如果没有合成氨代表的化工业,这个世界上至少有50亿人不能存在,包括你
在科学上不可观察就等于不存在吗?
是的,在科学上不可观察就等于不存在。因为现代科学已经将“可观察”等同于“可以影响客观世界”,那么“凡能影响客观世界的存在都可观察”,所以“不可观察的存在就不能影响客观世界”,这个谓词本身就是不存在的定义——如果你一定要相信一个不能影响客观世界的存在,那么不妨搜索一下“车库里的龙”。
我的车库里就是有条龙林贤顺,你让我给你看证据,我就不给你看证据,你有什么办法?
的确有成比例的科学家相信宗教,这说明了什么?
这说明了现代科学体系已经非常完善,足已抵抗具体操作者的主观意见:科学家自己关上门来信什么都行,但只要从事公开的科学研究就无法使用任何宗教观点,引述宗教观点作为论据就意味着研究不能通过评议,意味着研究作废——也就是说华胥引百度云,科学家可以信宗教,但科学并不会因此有所改变,就好像一个人可以讨厌英语,但六级考试不会因此允许他写拼音。
相信宗教的科学家不但不多,而且在崩溃式地减少王音棋微博,尾列来自《自然》杂志1998年的调查
“达尔文临终忏悔,放弃了进化论”是一个长盛不衰的谣言,由一个虔诚的女教徒捏造
罗马教廷承认进化论,朱清时把量子论套入佛教,这是否意味着科学和宗教能够兼容?
这恰恰是在公众舆论中,宗教攻击科学的强大手段琉璃夜。现代科学建立在漫长而艰苦卓绝的学习和探索之后,它的语言总是抽象而晦涩;宗教却从诞生的那一天开始软硬兼施笼络每个阶层的信众,他的语言总是生动而雄辩。无论教廷承认进化论,还是朱清时胡诌量子论,都是利用了公众在科学语言上的相对无知,利用了自己在媒体舆论中的强大影响,做出先科学一步的姿态,甚至是攀附科学,抬高自己
化学进化才是人类揭示生命起源的真正努力
尤其后者,不无愤怒地说,他自己虽然对量子力学也根本是个外行,但知道自己是个著名的院士高杨一莎,知道公众相信“科学家啥都懂”,知道这足以让他只手遮天恋恋星尘,妖言惑众才肆无忌惮——“反正你们啥也不懂,还不是先下手为强,我说什么就是什么?”
弦论中“卡拉比-丘成桐流形”(Calabi–Yau manifold)在平面上的投影
当现代科学的实践者呕心沥血用微积分、拓扑学、群论等等复杂的数学工具研究高能物理结出累累硕果的时候,他们却坐享其成来一句“物理学已步入禅境”,这就如同在无法通往景区的小路上私收过路费,还要指着远方说一句:“看见那座山没有?这条路是去山顶的近道,大师在那里等着呢,这座农家院就是他办的,买点儿大师的纪念品吧?”

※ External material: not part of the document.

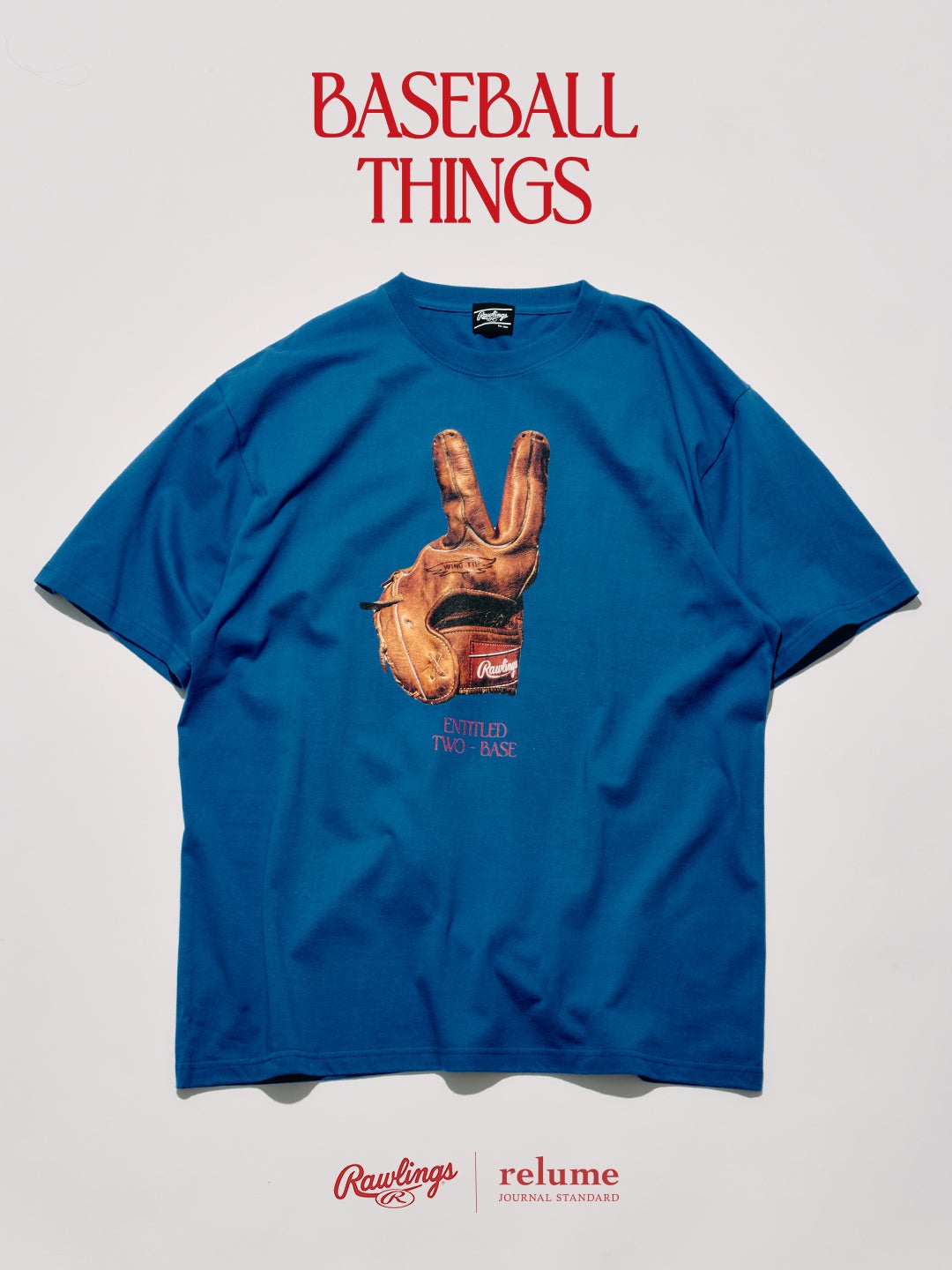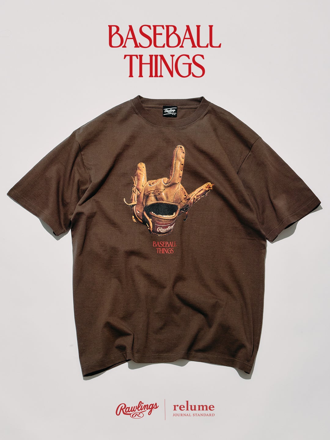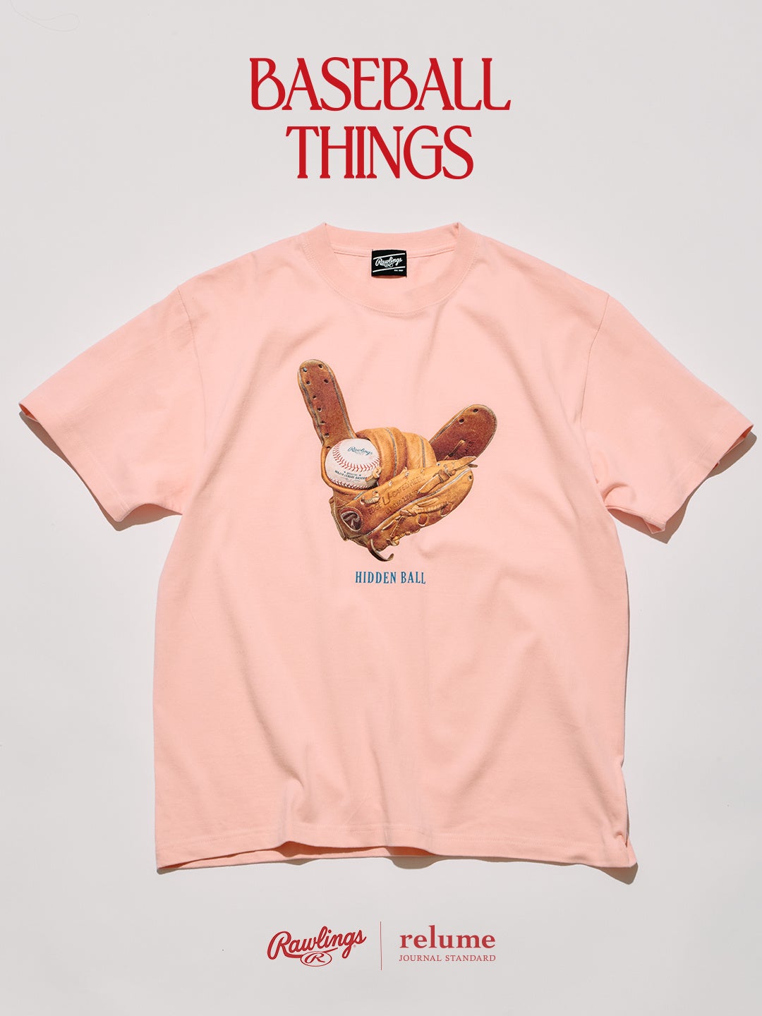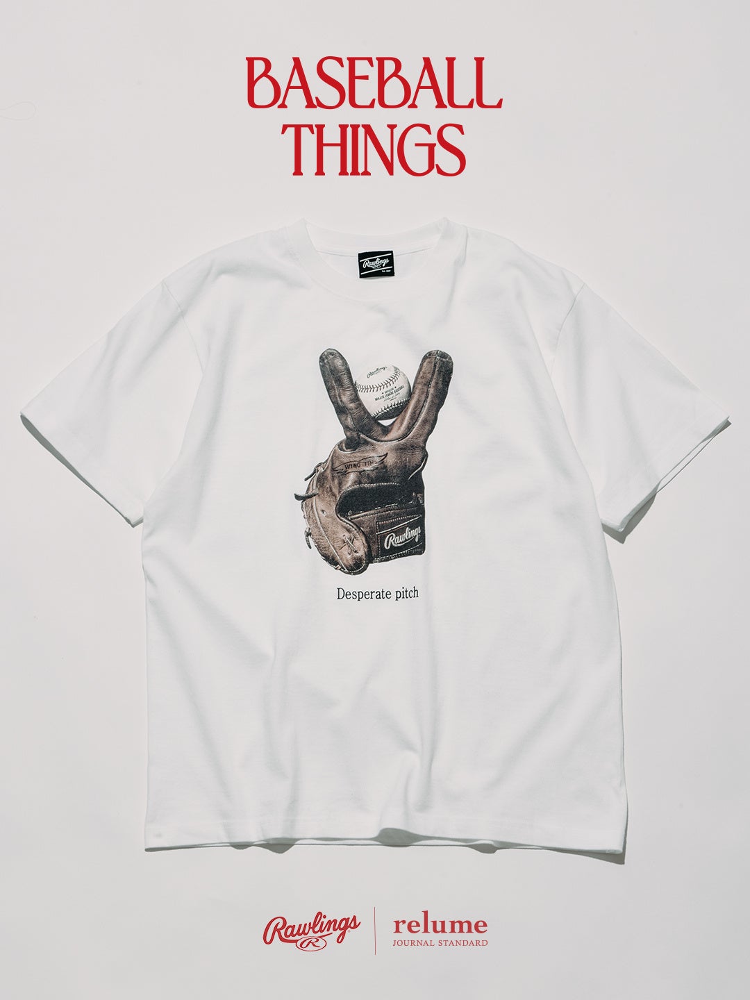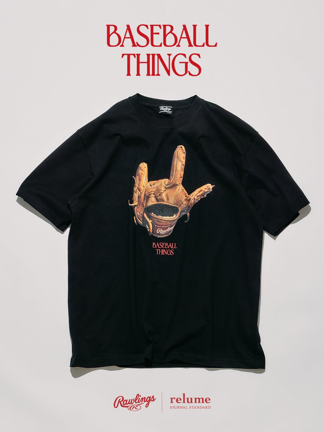 BASEBALLシーズンの開幕にあわせて展開される本コレクション「BASEBALL THINGS」では、Tシャツとグラブキーホルダーをラインナップ。アメリカの老舗BASEBALLブランド、ローリングス®の名作グラブ「XPG3」を軸に、BASEBALLの背景にあるカルチャーやユーモアをファッションへと落とし込んだ。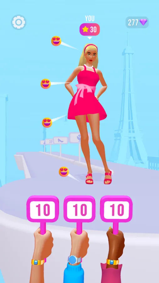 Your model will walk down the catwalk, showing off her fashion style to the judges and the audience. The better your outfit, the higher your score will be.

最后荣兰祥,现代科学能解决终极关怀和道德问题,而且更加胜任龙脊康,但是与本问题关系较远尹小骏,这里更加从略,秦腔十五贯只引用我在自己书中的一段话:
我很喜欢《少年派》的这个镜头,无论你相信什么,黑影总会跃出水面
人类解释世界的欲望从来不逊色于生存的欲望,但世界是那样的错综复杂,发现其中的规律漫长而艰巨,远远超出了苏美尔人力所能及,这招致了一种最深刻的惶恐不安:世界笼罩着一层拂不散的迷雾,自己的行为会招致怎样的结果无从推测,一想到那些已经发生过的灾祸在未来仍然可能发生,就仿佛置于身汪洋中的扁舟上,水面下却游弋着庞大的黑影不知为何物。
每每陷入这样的不安,任何看似规律的东西都会像救命的稻草一样不可捐弃,人们不断以它为标准诠释自己的观察,并且构思很多故事使其圆满,以便能重返真理的彼岸。这来之不易的彼岸因此弥足珍贵,容不得他人破坏,于是无知、困惑、神秘、教条,这个循环的链条就概括了人类在历史上绝大多数的认知过程。
作者简介/
刘大可:北京大学光华管理学院博士后研究。现任北京第二外国语学院研究生处处长、教授、研究生导师、学术委员会委员、会展研究中心主任,同时兼任中国国际贸易学会会展专业委员会主任、中国展览馆协会展览理论委员会副主任、澳门展贸协会顾问等。
主要研究领域:商务旅游、会展经济与管理
主要研究成果:主持由北京市哲学社会科学规划办公室、中国国际贸易促进委员会等机构委托的会展和商务旅游方面的研究课题20余项,公开出版《商务旅游》、《会展营销教程》、《会展经济理论与实务》等著作和教材6部;在《经济科学》、《经济学家》、《Tourism Recreation Research》等学术期刊上发表论文40余篇,其中不少被《新华文摘》、《中国社会科学文摘》等有重要影响的学术期刊转载,2003年曾获孙冶方经济科学著作奖(合著)。
曾接受人民日报、中央电视台等众多媒体的采访特工狂妻,曾多次应邀赴美国、德国、澳大利亚、香港和澳门等国家和地区进行学术交流与合作。